Note: Skipping only applies to OCS events. When performing Playback, all files are assumed to be changed, even if they actually weren't.
### Subscriptions with Saved Search
Instead of defining a `ocs_package_name` with the `-p` flag, you can subscribe to a saved search that can be created in the DataDrive UI using the `-s` flag. The saved search will include a package and some filters.
- Ex: `./ddrv subscribe -s [saved_search_name] -o [output_directory_path_here] -r`
- Note: The example command uses the `-r` flag which will retain the ocs path.
### Playback events
You can "playback" events that have since happened from a certain date. When "playback" is enabled, the CLI will query OCS for documents (that have not been deleted) since the last saved checkpoint date.
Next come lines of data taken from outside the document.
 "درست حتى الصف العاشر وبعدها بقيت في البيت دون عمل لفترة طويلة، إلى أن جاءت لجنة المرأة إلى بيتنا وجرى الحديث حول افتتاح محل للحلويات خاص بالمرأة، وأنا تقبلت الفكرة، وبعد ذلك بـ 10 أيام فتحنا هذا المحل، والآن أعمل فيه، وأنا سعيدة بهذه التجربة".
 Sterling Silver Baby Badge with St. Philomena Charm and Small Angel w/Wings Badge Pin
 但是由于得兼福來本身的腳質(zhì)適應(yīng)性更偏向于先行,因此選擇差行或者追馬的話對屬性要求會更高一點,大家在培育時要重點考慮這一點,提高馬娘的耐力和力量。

- `-P` flag is used to denote the use of the playback option.
- The checkpoint date is saved in `YYYY-MM-DDTHH:mm:ss.SSSZZ` format in the `/.datadrive/checkpoint.txt` file in the specified output folder.
### Configuring Logging
By default, all log entries are stored in a single file in the configured log directory (`combined.log`).
To utilize rolling logfiles, use the `--log-date-pattern` option with `ddrv config`. Simple options are `monthly`, `weekly`, and `daily`. You can also specify a custom log rotation value using this format: (https://momentjs.com/docs/#/parsing/string-format/). This format will define the frequency of the log rotation, with the logs rotating on the smallest date/time increment specified in the format.
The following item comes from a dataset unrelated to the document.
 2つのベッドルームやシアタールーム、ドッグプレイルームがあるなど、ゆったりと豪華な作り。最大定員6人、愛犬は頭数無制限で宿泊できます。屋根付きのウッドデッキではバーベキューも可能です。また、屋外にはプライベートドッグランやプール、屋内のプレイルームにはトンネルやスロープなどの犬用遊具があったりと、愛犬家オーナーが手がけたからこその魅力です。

For example, `ddrv config --log-date-pattern YYYYMMDDhhmm` will create a new log file every minute, named something like `combined-202406131233.log`.
By default, logs are archived in a gzip file. To disable this functionality, set the `--no_gzip_rolling_logs` option when running `ddrv config`.
The `--log-date-pattern`, `--no_gzip_rolling_logs`, and `--logdir` options can also be used with the `ddrv subscribe` command to determine the logging options for that particular subscription session.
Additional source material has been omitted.